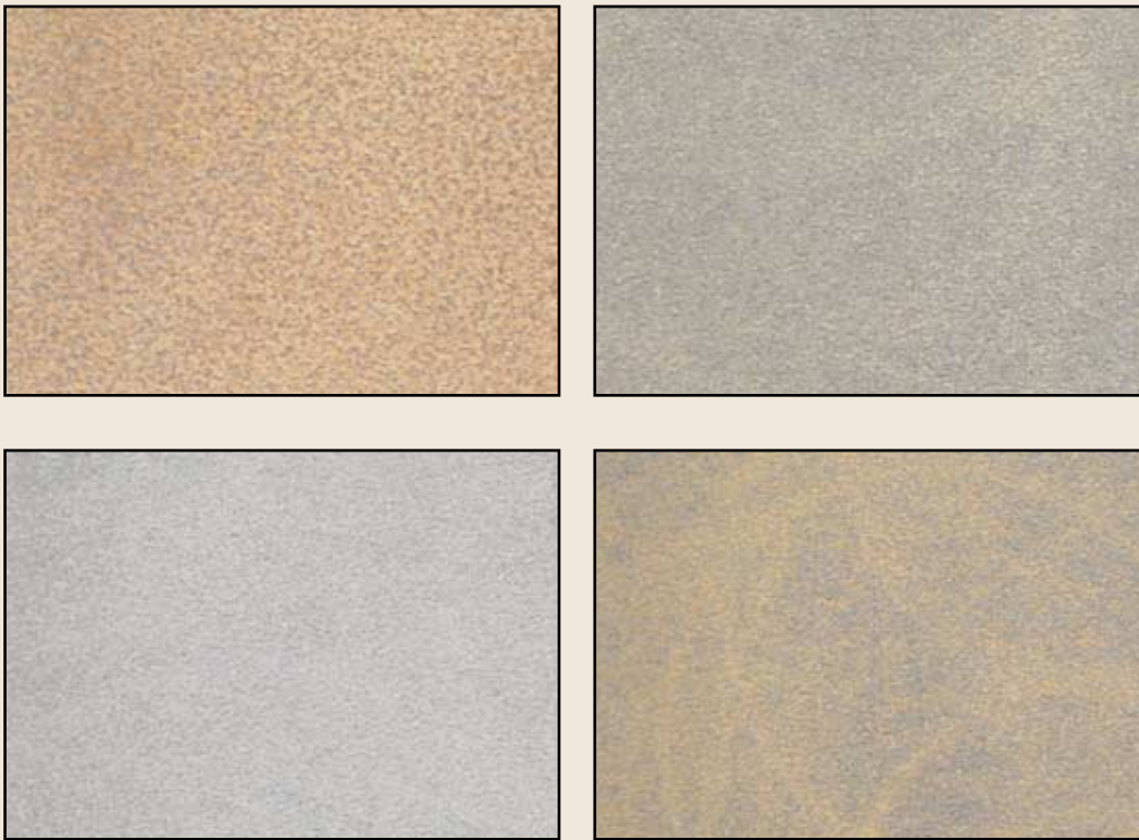
Fig. 2 - Rust grades C and C HB2 1/2

know if its products will perform over an “unknown” surface (i.e., one that does not meet specified standards).
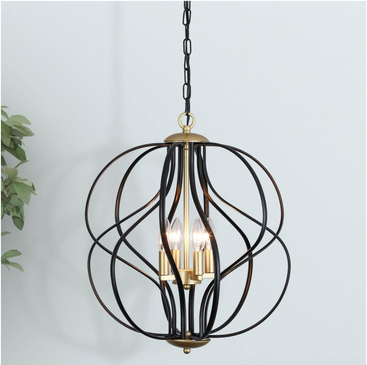
Figure 4: Chandelier in a Dining Room. The chandelier provides ambient lighting over a dining table.
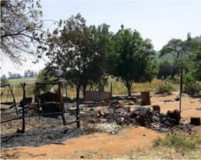
People and their belongings scarred and homeless.
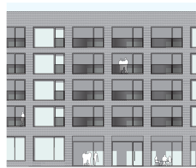
Bay study north

In contrast to the white buildings of the Shredded Wheat Factory Building K's materials are chosen to reflect the more traditional materials predominant in the Welwyn area. Red brick is therefore proposed for the masonry elements. Perforate screens are articulated in vertical timber louvers and metal is used for the balustrades and window frames.
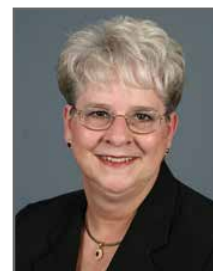
Betsy Wergin Commissioner Minnesota Public Utilities Commission
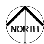
PARTIAL SITE PLAN - BUILDING LOCATION SCALE: N.T.S.
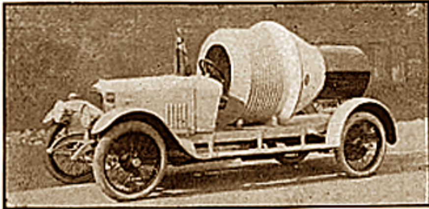
A VAUXHALL CAR with a "Peace" shell case at celebrations in Luton.
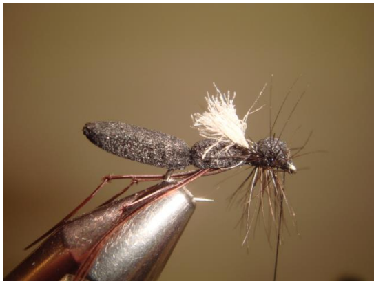
13 Flip the foam strip to the eye of the hook
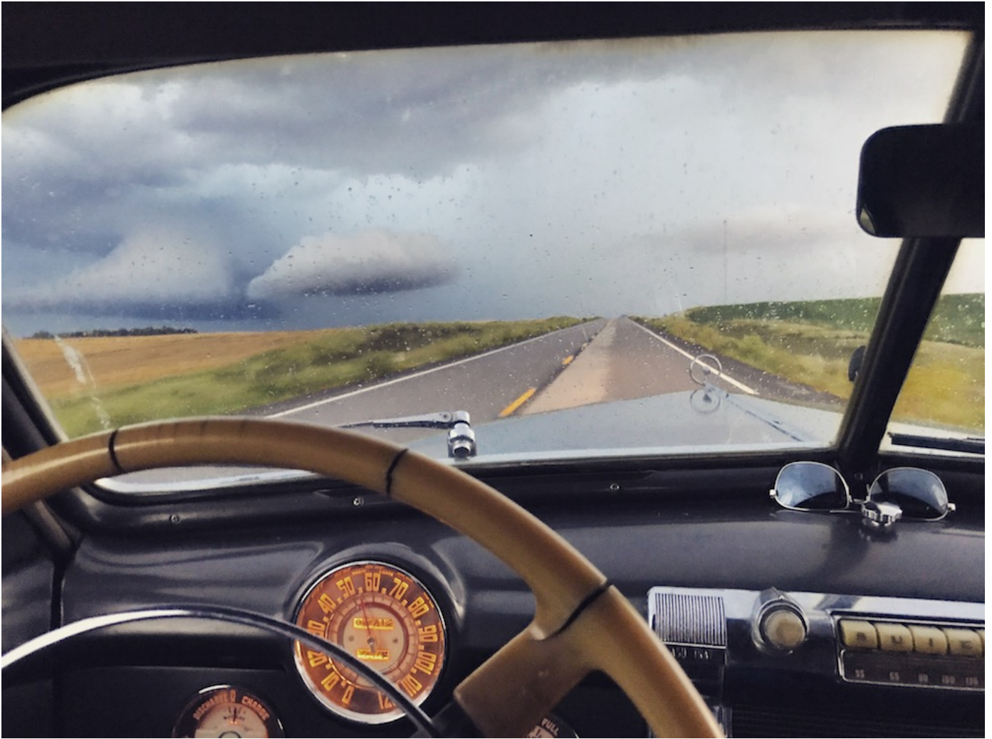
from inside a 1947 Buick, traveling home from Dakota Adventist Academy on Hwy 1804 or Hwy 13, North Dakota.
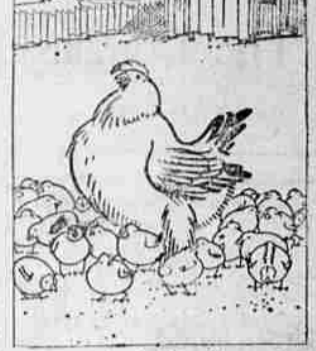
"Cluck, cluck, cluck." (If you have guessed that Mrs. Hen was vain, you have guessed about right!)

Now all the little chicks didn't understand one thing about gardens, or around the house, or yards, or digging for worms, or—
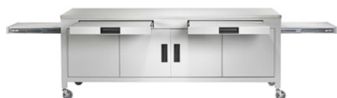
Cabinet for Printer & Conveyor
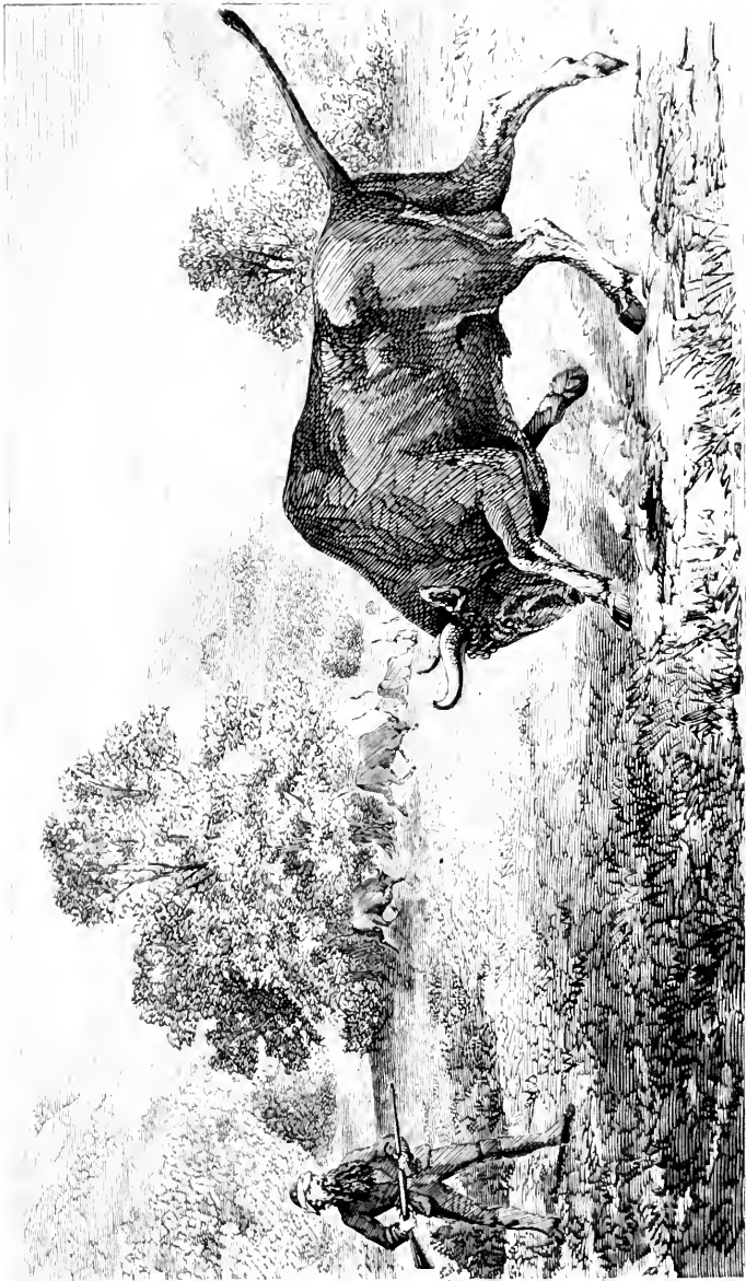
THE DEATH OF A BULL-BISON
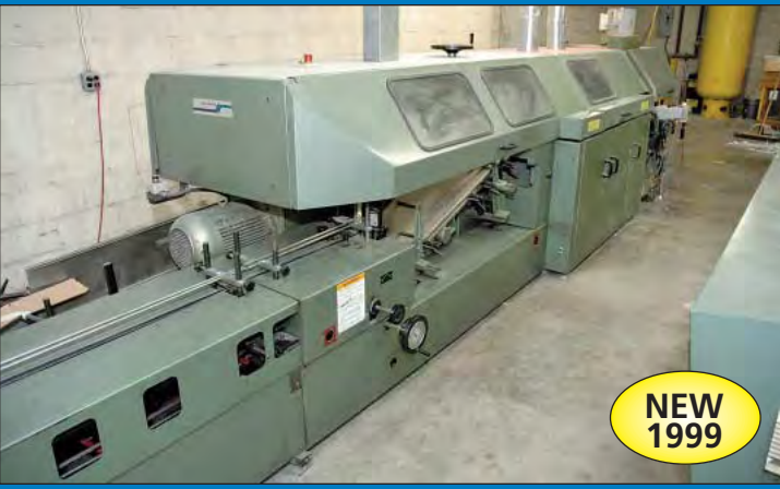
Muller Martini Model 3006 "Star Bind" Perfect Binding Line - 18-Clamp Model 3006-18 Rotary Perfect Binding Machine View
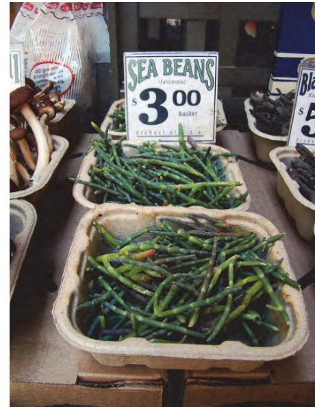
Sea beans or Samphire ( Salicornia sp.), are a group of common marsh plants harvested for human consumption.
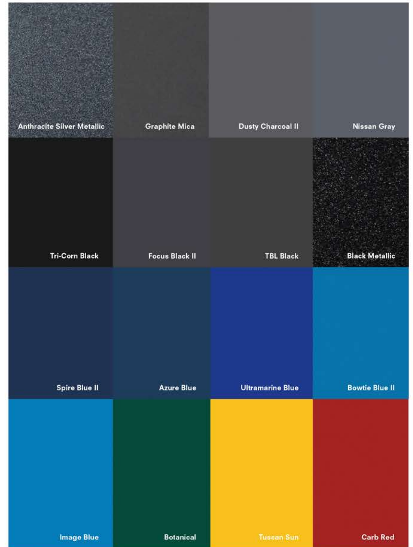
The Classic Collection
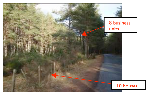
Fig. 9: Craigmore Road

14. A letter was received from the agent on 12 January 2010 in response to the CNPA request. That letter was described by its author as an 'interim response' pending further consideration by the applicants in the context of the outline consent granted. It was indicated that the applicants were considering the various requests. Since that time, no further information has been received, other than the applicant's periodic written agreement to extend the time period for determination.
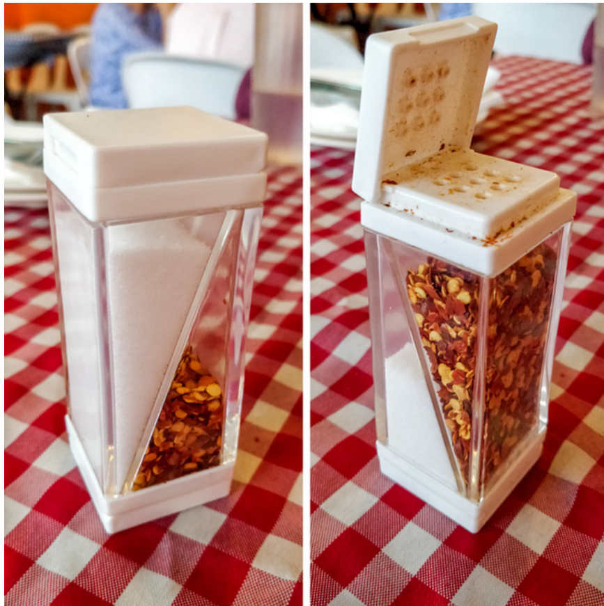
This salt and chili salt combo, buy 1 get 2.
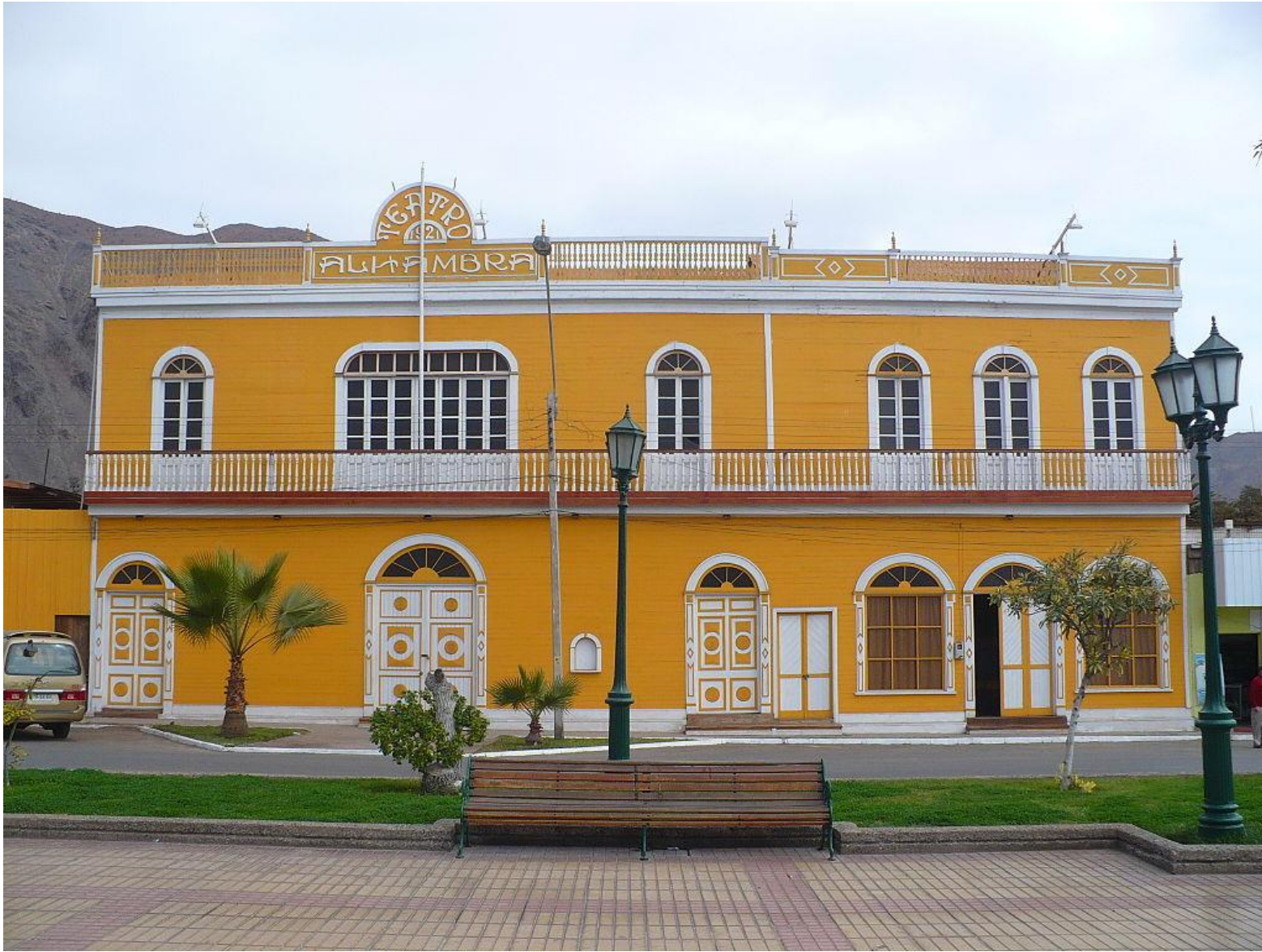
La Alhambra Theater , Taltal, Chile American Douglas Fir, 1921
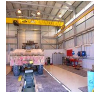
Industrial Buildings at Samah Oilfields for WAHA Oil Company
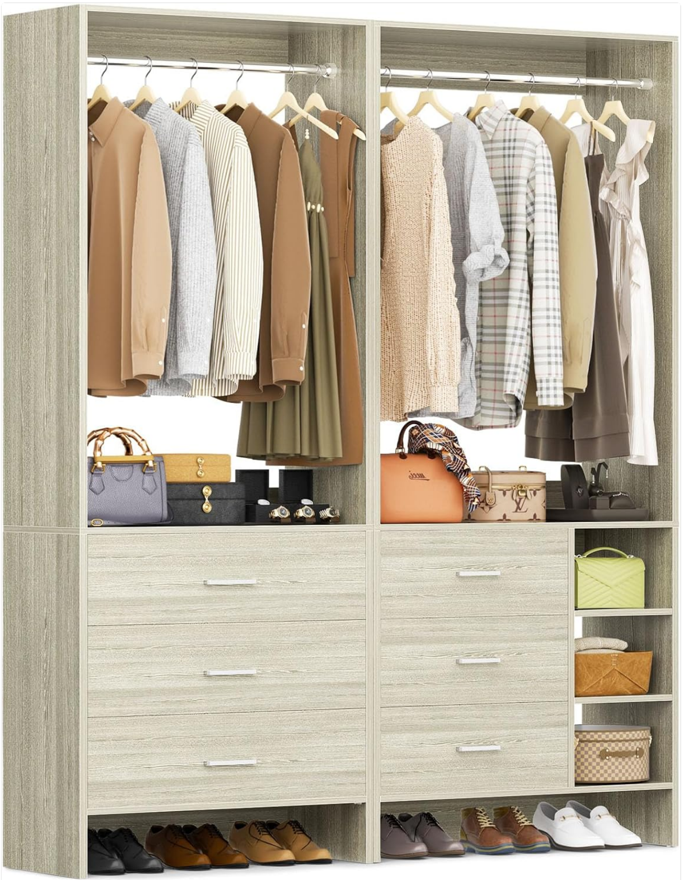
Image: The Aheaplus Closet System in White Oak, featuring two modular units with hanging rods, six drawers, and open shelves.
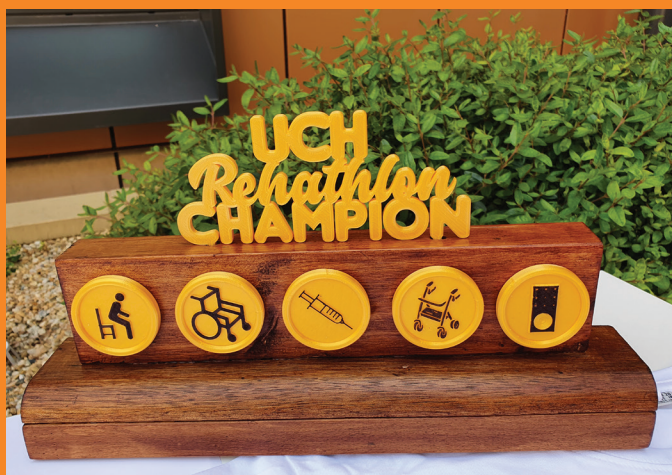
The coveted trophy.

The race that stops a nation came early to Canberra this year with the inaugural UCH CAN GIVE DAY Rehathon held in the central courtyard.
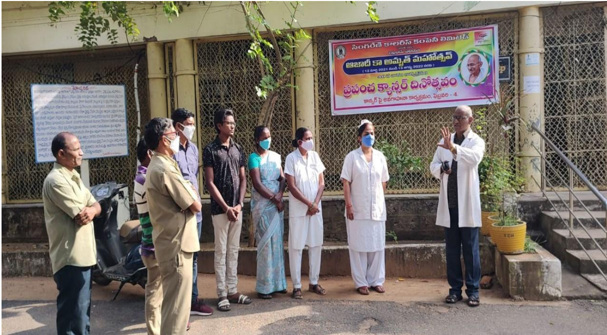
Cancer Awareness Programme in Yellandu
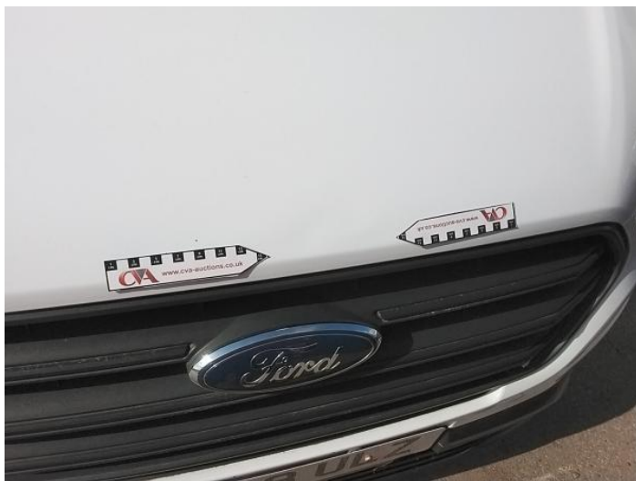
1: Bonnet Dented Over 30mm

Task directions: Where the line with "Now all the" appears, begin there and transcribe exactly through the last line of the data, leaving all pictures aside.

Reply:
Now all the little chicks didn't understand one thing about gardens, or around the house, or yards, or digging for worms, or—
Cabinet for Printer & Conveyor
THE DEATH OF A BULL-BISON
Muller Martini Model 3006 "Star Bind" Perfect Binding Line - 18-Clamp Model 3006-18 Rotary Perfect Binding Machine View
Sea beans or Samphire ( Salicornia sp.), are a group of common marsh plants harvested for human consumption.
The Classic Collection
Fig. 9: Craigmore Road

14. A letter was received from the agent on 12 January 2010 in response to the CNPA request. That letter was described by its author as an 'interim response' pending further consideration by the applicants in the context of the outline consent granted. It was indicated that the applicants were considering the various requests. Since that time, no further information has been received, other than the applicant's periodic written agreement to extend the time period for determination.
This salt and chili salt combo, buy 1 get 2.
La Alhambra Theater , Taltal, Chile American Douglas Fir, 1921
Industrial Buildings at Samah Oilfields for WAHA Oil Company
Image: The Aheaplus Closet System in White Oak, featuring two modular units with hanging rods, six drawers, and open shelves.
The coveted trophy.

The race that stops a nation came early to Canberra this year with the inaugural UCH CAN GIVE DAY Rehathon held in the central courtyard.
Cancer Awareness Programme in Yellandu
1: Bonnet Dented Over 30mm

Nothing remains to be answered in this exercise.